**Exercise input**
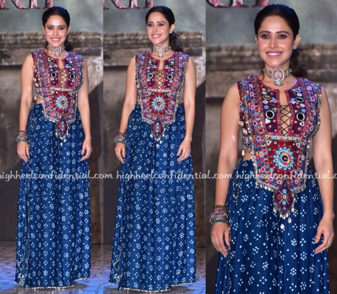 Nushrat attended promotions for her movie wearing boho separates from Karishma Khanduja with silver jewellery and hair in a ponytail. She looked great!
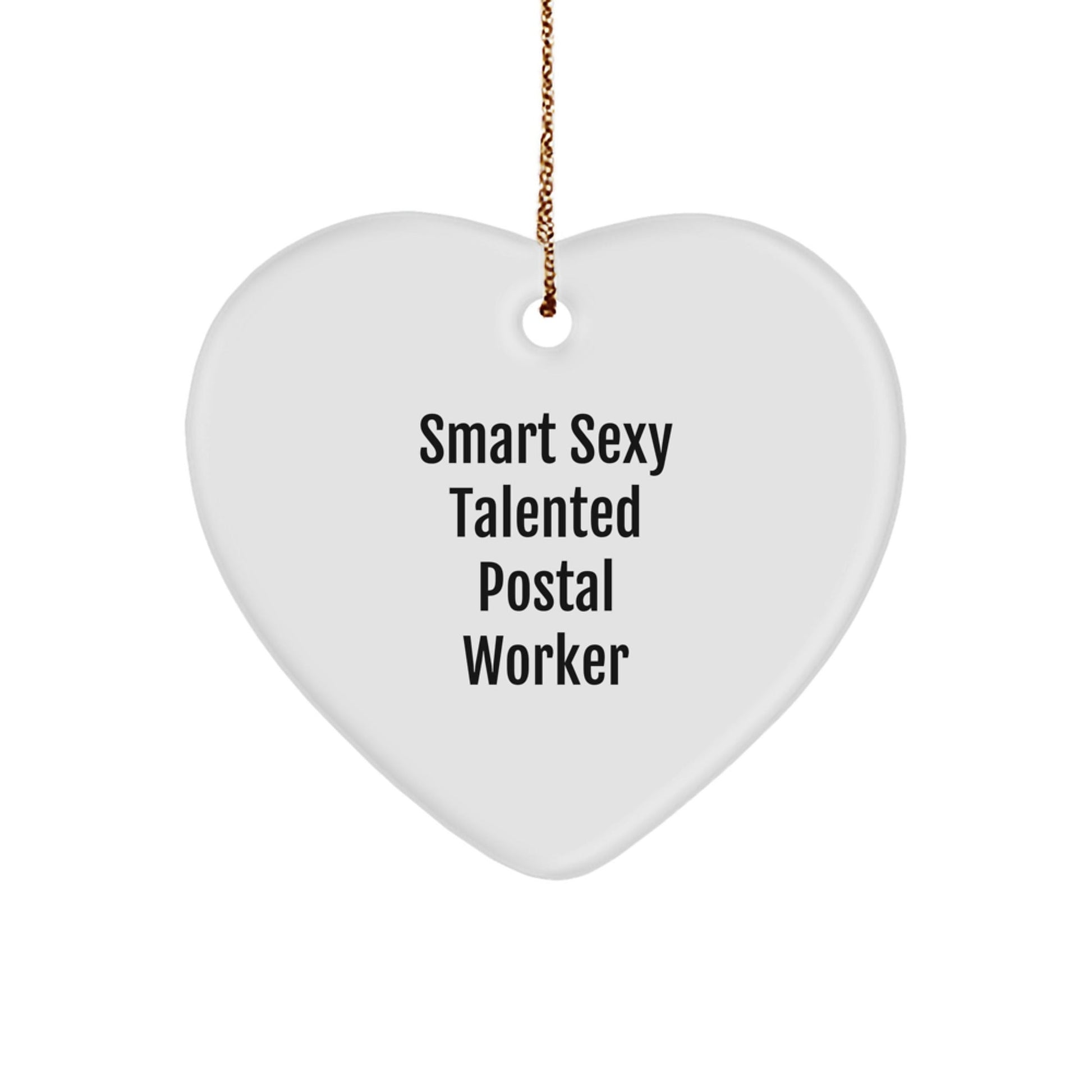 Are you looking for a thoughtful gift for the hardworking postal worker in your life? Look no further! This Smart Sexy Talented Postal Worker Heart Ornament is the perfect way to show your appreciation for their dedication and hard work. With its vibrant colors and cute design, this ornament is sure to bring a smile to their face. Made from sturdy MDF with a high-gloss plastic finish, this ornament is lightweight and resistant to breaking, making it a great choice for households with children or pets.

--

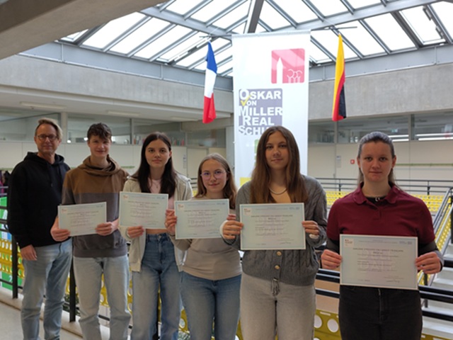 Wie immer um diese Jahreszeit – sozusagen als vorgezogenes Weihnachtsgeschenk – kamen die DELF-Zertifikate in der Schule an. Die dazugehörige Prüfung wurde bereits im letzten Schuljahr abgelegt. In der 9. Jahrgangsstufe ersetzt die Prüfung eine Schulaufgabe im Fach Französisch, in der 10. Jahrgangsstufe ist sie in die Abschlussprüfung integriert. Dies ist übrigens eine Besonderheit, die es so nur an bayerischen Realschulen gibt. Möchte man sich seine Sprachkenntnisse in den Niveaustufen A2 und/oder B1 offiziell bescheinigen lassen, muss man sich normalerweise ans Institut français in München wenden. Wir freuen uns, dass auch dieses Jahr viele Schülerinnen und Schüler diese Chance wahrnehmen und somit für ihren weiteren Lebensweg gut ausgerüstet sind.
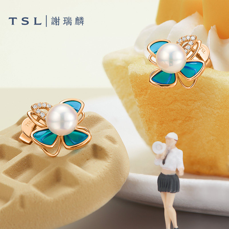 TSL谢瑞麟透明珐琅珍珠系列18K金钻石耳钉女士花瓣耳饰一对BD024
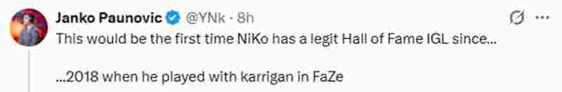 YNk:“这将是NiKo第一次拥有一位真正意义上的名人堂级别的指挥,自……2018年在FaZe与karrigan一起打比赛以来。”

--

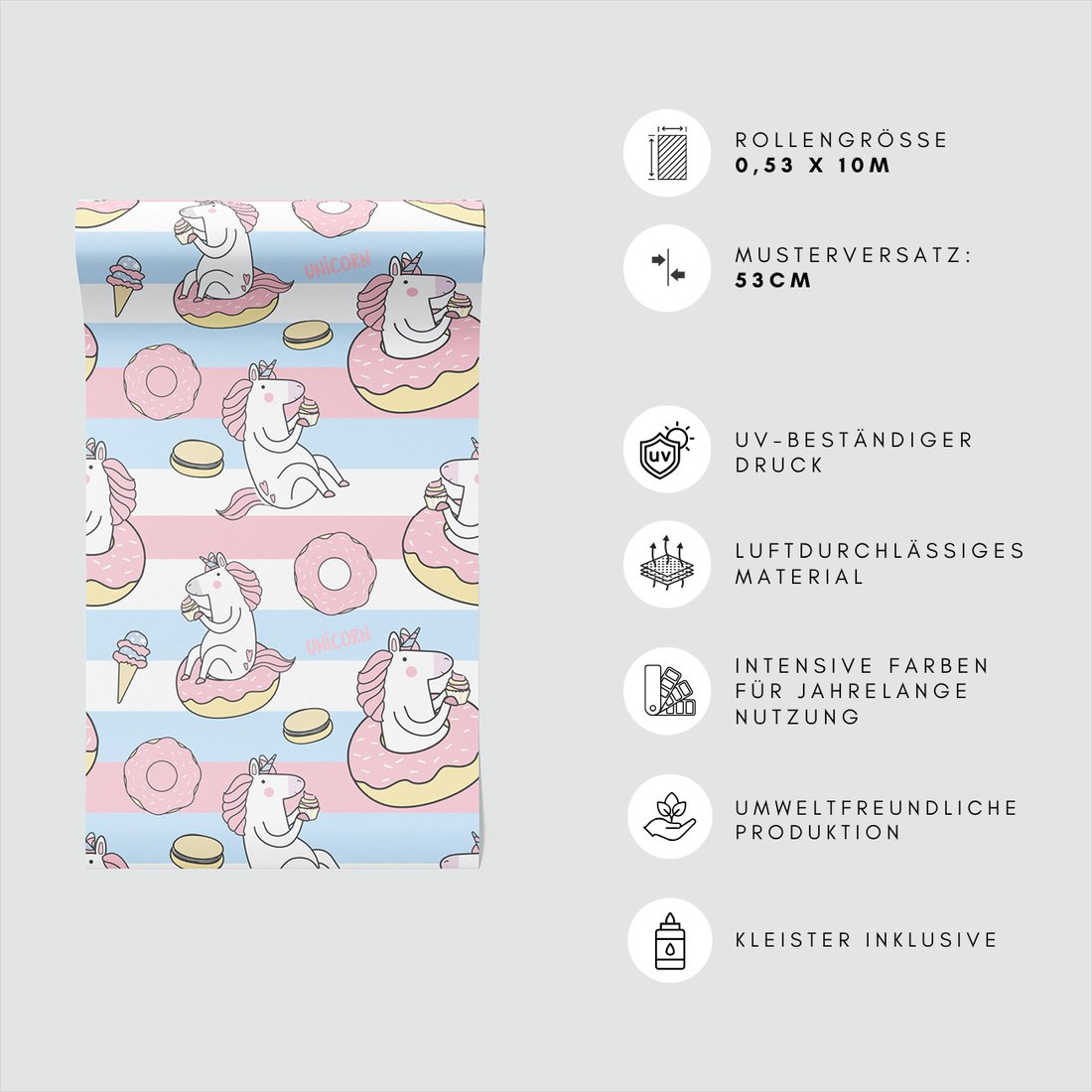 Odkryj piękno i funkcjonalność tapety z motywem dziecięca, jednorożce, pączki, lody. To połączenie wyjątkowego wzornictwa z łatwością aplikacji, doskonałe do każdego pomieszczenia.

**Task description**
Take the entries above and copy exactly the lines starting at the one with "Nushrat attended promotions" and ending at the one with "Are you looking"; nothing outside that span, and no pictures.

**Worked solution**
 Nushrat attended promotions for her movie wearing boho separates from Karishma Khanduja with silver jewellery and hair in a ponytail. She looked great!
 Are you looking for a thoughtful gift for the hardworking postal worker in your life? Look no further! This Smart Sexy Talented Postal Worker Heart Ornament is the perfect way to show your appreciation for their dedication and hard work. With its vibrant colors and cute design, this ornament is sure to bring a smile to their face. Made from sturdy MDF with a high-gloss plastic finish, this ornament is lightweight and resistant to breaking, making it a great choice for households with children or pets.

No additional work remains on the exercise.